Partant du postulat, énoncé par Novalis, que la poésie élève chaque individu à la totalité à travers une opération de connexion qui lui est propre, l’on ne peut qu’être saisi d’une petite chair de poule à l’ouverture de ce petit livre qui recèle tant d’explosions cachées qui vont, au fil de notre lecture, fissurer le vernis sociétal et laisser, enfin, apparaître le lustre d’une peau tannée par tant d’inconvenances faites à sa personne. Quel individu, normalement constitué, peut survivre dans notre monde contemporain ? Qui parvient à supporter l’innommable et l’immonde quotidien sans risquer de devenir fou, sauf à verser dans le mièvre de la guimauve servie par des médias encombrants, puisque désormais les vessies sont nos lanternes…

 

Urgence donc à revenir à l’essentiel, à passer à plus sérieux après cette partie d’échecs qui, quelle qu’en soit la tournure et la finalité recherchée, ne finira jamais. Autant baisser la garde, abdiquer et, sans couronne mais avec la foi, se ruer dans la félicité d’une harmonie, même temporelle, même vouée au désastre comme tout ce qui a trait à la Beauté, mais au moins l’on aura vécu, senti, joui d’un réel possible, d’un bonheur imprégné de vérité, ici-bas, malgré le chaos dominant et l’invasion des esprits par la suie nauséeuse des idéaux préfabriqués.

 

Devenir un homme est un art.

 

Novalis, philosophe, scientifique et poète, voulut étudier dans ses fragments toutes les connexions possibles avec comme axe de réflexion la poésie, au centre du dilemme, à part, comme dans une bulle, mais interconnectée avec les autres disciplines afin de tenter de décrypter l’univers.

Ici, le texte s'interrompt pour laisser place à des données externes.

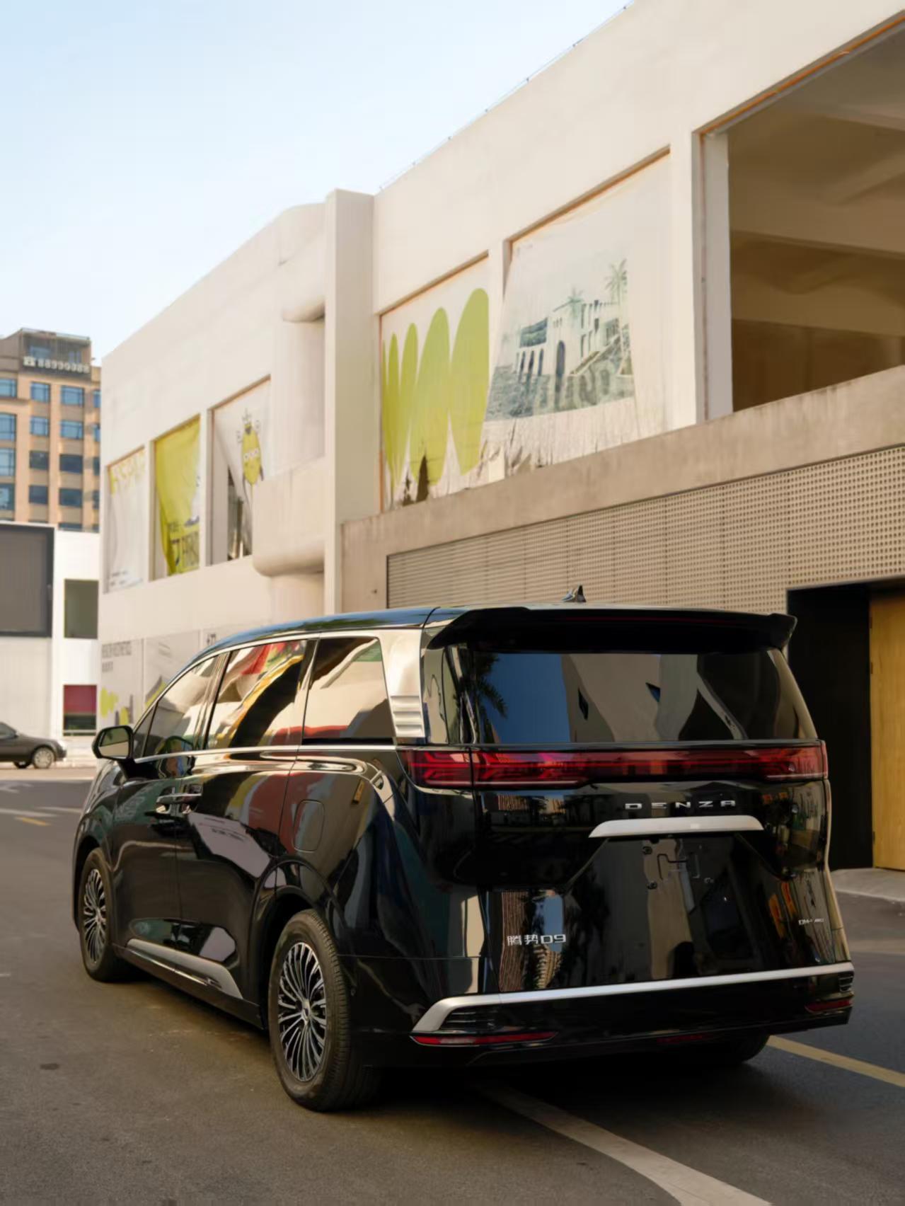 腾势D9二排航空座椅细节图!腿托升起挡住半个车窗,老外蜷在里面翘脚刷手机

Durant toute son existence, Novalis n’aura de cesse d’écrire ces réflexions, petites phrases qu’il ne considérait pas comme une œuvre mais plutôt un matériau nécessaire à sa réflexion. Riches souvent, hermétiques parfois voire contradictoires, l’intégralité de ses fragments peint l’évolution d’une pensée, non une vérité absolue, ce que ce florilège démontre.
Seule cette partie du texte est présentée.